Episcopal consecration
- Principal consecrator: Isabelo L. de los Reyes Jr.
- Co-consecrators: Thaddeus Zielinski, Philip Strong, and Gilbert Baker
- Date: 9 May 1969
- Place: National Cathedral of the Holy Child, Taft Avenue, Ermita, Manila

Bishops consecrated by Alberto Ramento as principal consecrator
- Rhee Timbang Obispo Maximo XIII: 29 September 1996
- Styles
- Reference style: His Eminence
- Spoken style: Your Eminence
- Religious style: Obispo Máximo IX The Most Reverend
- Posthumous style: Venerable Martyr

= Alberto Ramento =

Filipino bishop, martyr and saint (1936–2006)

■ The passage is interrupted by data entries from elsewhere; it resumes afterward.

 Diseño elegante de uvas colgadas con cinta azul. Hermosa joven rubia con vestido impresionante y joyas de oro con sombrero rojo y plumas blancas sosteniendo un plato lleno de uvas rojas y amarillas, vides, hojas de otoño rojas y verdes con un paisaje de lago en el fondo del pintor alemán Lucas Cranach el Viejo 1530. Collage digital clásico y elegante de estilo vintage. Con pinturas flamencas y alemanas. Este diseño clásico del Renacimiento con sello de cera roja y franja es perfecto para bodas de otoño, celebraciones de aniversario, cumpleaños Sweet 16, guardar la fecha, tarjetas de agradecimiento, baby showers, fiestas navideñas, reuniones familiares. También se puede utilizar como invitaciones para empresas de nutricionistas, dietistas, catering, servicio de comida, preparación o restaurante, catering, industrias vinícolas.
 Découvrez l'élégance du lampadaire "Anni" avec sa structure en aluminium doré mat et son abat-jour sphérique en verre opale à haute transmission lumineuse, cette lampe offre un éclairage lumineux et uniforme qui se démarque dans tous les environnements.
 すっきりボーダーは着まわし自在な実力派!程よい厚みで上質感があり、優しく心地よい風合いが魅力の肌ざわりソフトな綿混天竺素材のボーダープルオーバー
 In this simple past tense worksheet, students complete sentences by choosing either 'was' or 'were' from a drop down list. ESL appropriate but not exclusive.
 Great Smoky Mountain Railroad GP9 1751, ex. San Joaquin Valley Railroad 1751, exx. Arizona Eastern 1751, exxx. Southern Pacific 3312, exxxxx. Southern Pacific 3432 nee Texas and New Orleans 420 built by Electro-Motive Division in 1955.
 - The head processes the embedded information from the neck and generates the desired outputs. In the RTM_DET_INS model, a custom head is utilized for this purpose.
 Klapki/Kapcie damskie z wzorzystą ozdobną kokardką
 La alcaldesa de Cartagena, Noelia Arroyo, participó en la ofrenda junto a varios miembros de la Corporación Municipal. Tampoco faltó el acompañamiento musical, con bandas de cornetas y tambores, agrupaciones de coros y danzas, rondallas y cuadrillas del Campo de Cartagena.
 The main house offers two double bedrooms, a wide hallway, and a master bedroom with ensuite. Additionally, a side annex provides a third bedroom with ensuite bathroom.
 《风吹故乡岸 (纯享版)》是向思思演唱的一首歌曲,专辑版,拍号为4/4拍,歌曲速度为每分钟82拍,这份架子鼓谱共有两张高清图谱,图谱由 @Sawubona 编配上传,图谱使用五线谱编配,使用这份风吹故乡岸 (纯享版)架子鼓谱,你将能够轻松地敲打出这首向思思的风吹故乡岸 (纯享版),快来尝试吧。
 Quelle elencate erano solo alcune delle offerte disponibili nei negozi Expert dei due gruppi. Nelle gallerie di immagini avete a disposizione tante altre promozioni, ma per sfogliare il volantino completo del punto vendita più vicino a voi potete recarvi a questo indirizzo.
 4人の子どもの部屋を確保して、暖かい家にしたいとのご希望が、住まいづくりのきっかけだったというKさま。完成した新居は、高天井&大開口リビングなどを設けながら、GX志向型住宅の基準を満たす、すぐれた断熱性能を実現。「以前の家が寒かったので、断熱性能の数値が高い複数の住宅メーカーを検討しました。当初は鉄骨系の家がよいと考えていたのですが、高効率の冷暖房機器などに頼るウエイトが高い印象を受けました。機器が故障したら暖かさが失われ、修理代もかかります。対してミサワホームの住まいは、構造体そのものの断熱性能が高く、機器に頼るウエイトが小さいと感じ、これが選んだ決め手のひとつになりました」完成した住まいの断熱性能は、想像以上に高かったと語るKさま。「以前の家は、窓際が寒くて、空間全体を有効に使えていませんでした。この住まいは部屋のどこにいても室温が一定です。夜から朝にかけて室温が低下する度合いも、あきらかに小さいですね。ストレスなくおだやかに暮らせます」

Alberto Baldovino Ramento (August 9, 1936 – October 3, 2006) was the ninth supreme bishop (Obispo Máximo) and a former chairperson of the Supreme Council of Bishops of the Philippine Independent Church or Iglesia Filipina Independiente (IFI). He was known by the moniker, "The Bishop of the Poor Peasants and Workers". A known vocal critic against human rights abuses in the Philippines, he was murdered by unknown assailants in 2006, with his case currently remains unsolved.

==Life==
Ramento was born in an affluent family to Felipe Ramento y Curpoz and Margarita Baldovino y Bermudez. His grandfather Don Felix Ramento was Guimba's town mayor from 1922 to 1925 and Alberto had three uncles who were pioneer priests in the Iglesia Filipina Independiente. His father Felipe was also the chief of police in Guimba. The Ramento family owned several large plots of land inherited from the Baldovino clan, Alberto's mother's side. Ramento was a Freemason. He was married to Celerina Mendoza of Hermosa, Bataan and had children namely: Alberto II (Aldos), Aleli, Alberto III (Altres), and Liezel.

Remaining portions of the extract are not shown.